---------- DATA SEGMENT ----------
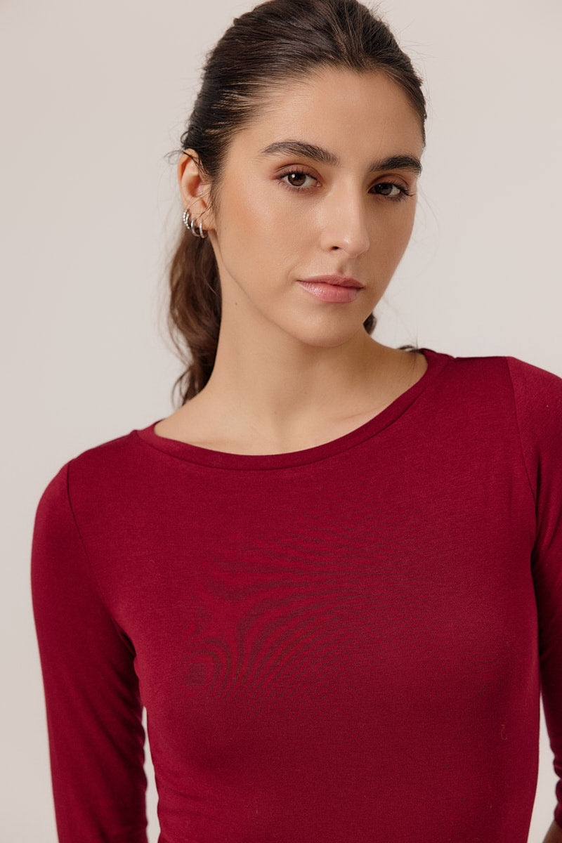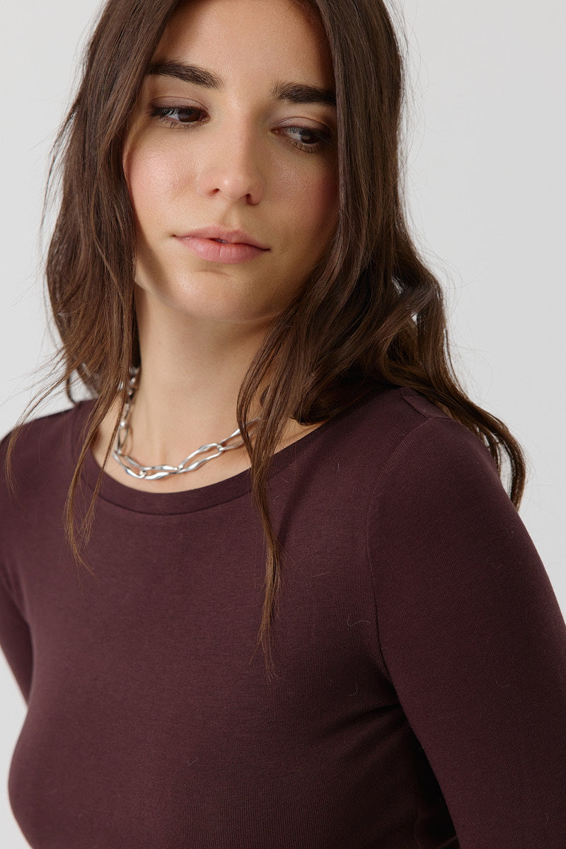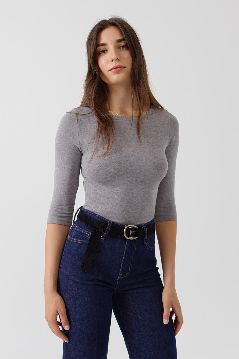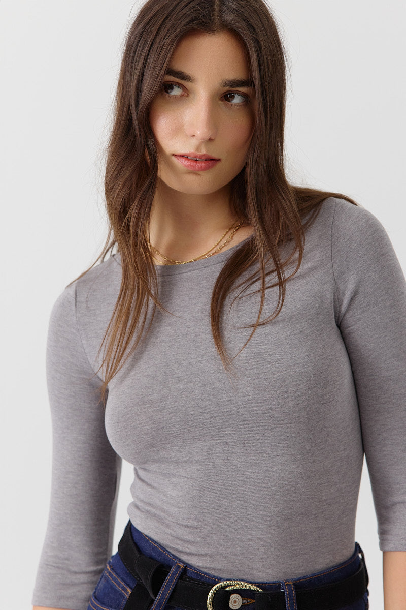 Top à manches ¾ et col rond. Coupe ajustée, en jersey stretch doux. Un basique élégant à porter seul ou sous un blazer.
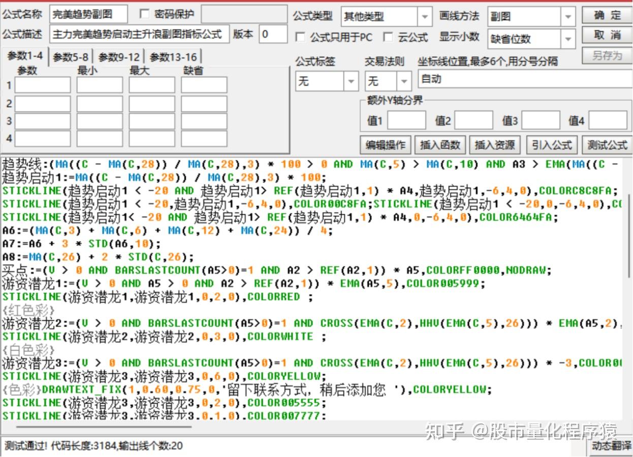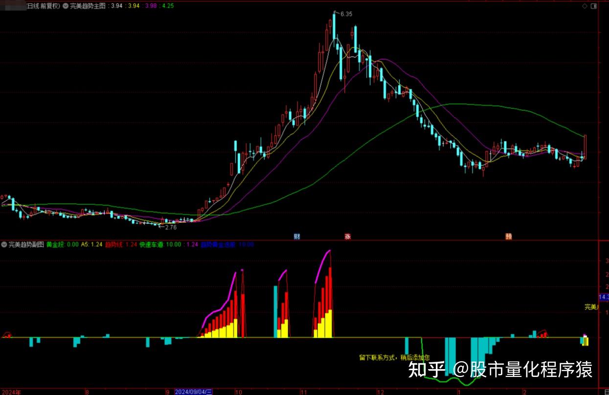 黄金段:=IF(MA((C - MA(C,28)) / MA(C,28),3) * 100 < -15,MA((C - MA(C,28)) / MA(C,28),3) * 100,0) * A4,LINETHICK2,COLOR00F600;A5:=IF(MA((C - MA(C,28)) / MA(C,28),3) * 100 > 0 AND MA(C,5) > MA(C,10) AND A3 > EMA(MA((C - MA(C,28)) / MA(C,28),3) * 100,5) AND A2 > REF(A2,1),MA((C - MA(C,28)) / MA(C,28),3) * 100,0) * A4;
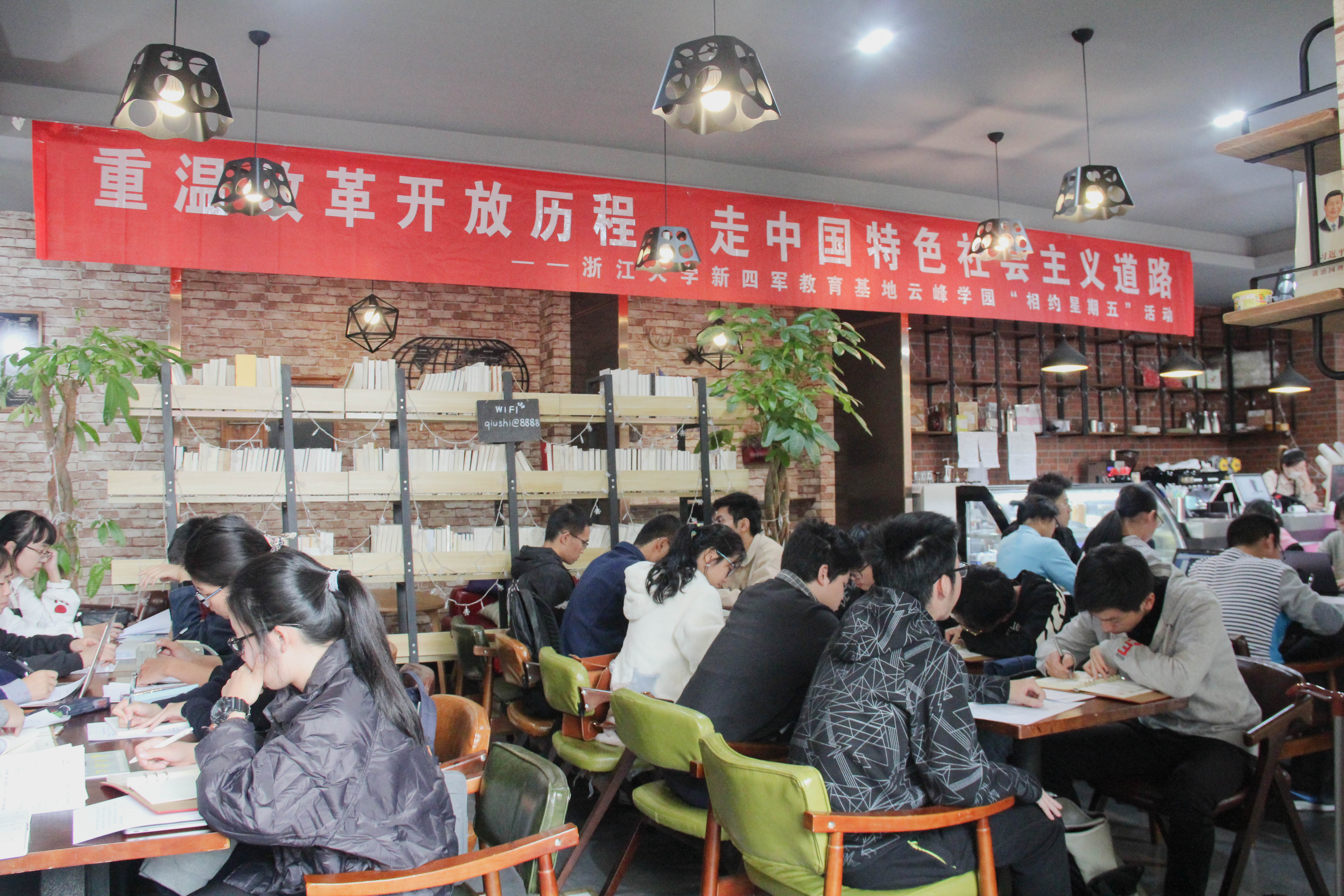 2018年11月2日下午,浙江大学新四军教育基地云峰学园“相约星期五”活动在云峰师生交流吧举行。浙江省新四军历史研究会宣讲团常务副团长程宇航老师,浙江工业大学教授、大学组组长闫梓琦老师,大学组副组长胡华军老师以及赵金云老师以及32位入党积极分子参与本次活动。
----------
## PROBLEM TO SOLVE
Every line from the one holding "黄金段:=IF(MA((C - MA(C,28))" through the final line of the data above is to be reproduced exactly, both ends included, with the pictures left out.

## TASK ANSWER
 黄金段:=IF(MA((C - MA(C,28)) / MA(C,28),3) * 100 < -15,MA((C - MA(C,28)) / MA(C,28),3) * 100,0) * A4,LINETHICK2,COLOR00F600;A5:=IF(MA((C - MA(C,28)) / MA(C,28),3) * 100 > 0 AND MA(C,5) > MA(C,10) AND A3 > EMA(MA((C - MA(C,28)) / MA(C,28),3) * 100,5) AND A2 > REF(A2,1),MA((C - MA(C,28)) / MA(C,28),3) * 100,0) * A4;
 2018年11月2日下午,浙江大学新四军教育基地云峰学园“相约星期五”活动在云峰师生交流吧举行。浙江省新四军历史研究会宣讲团常务副团长程宇航老师,浙江工业大学教授、大学组组长闫梓琦老师,大学组副组长胡华军老师以及赵金云老师以及32位入党积极分子参与本次活动。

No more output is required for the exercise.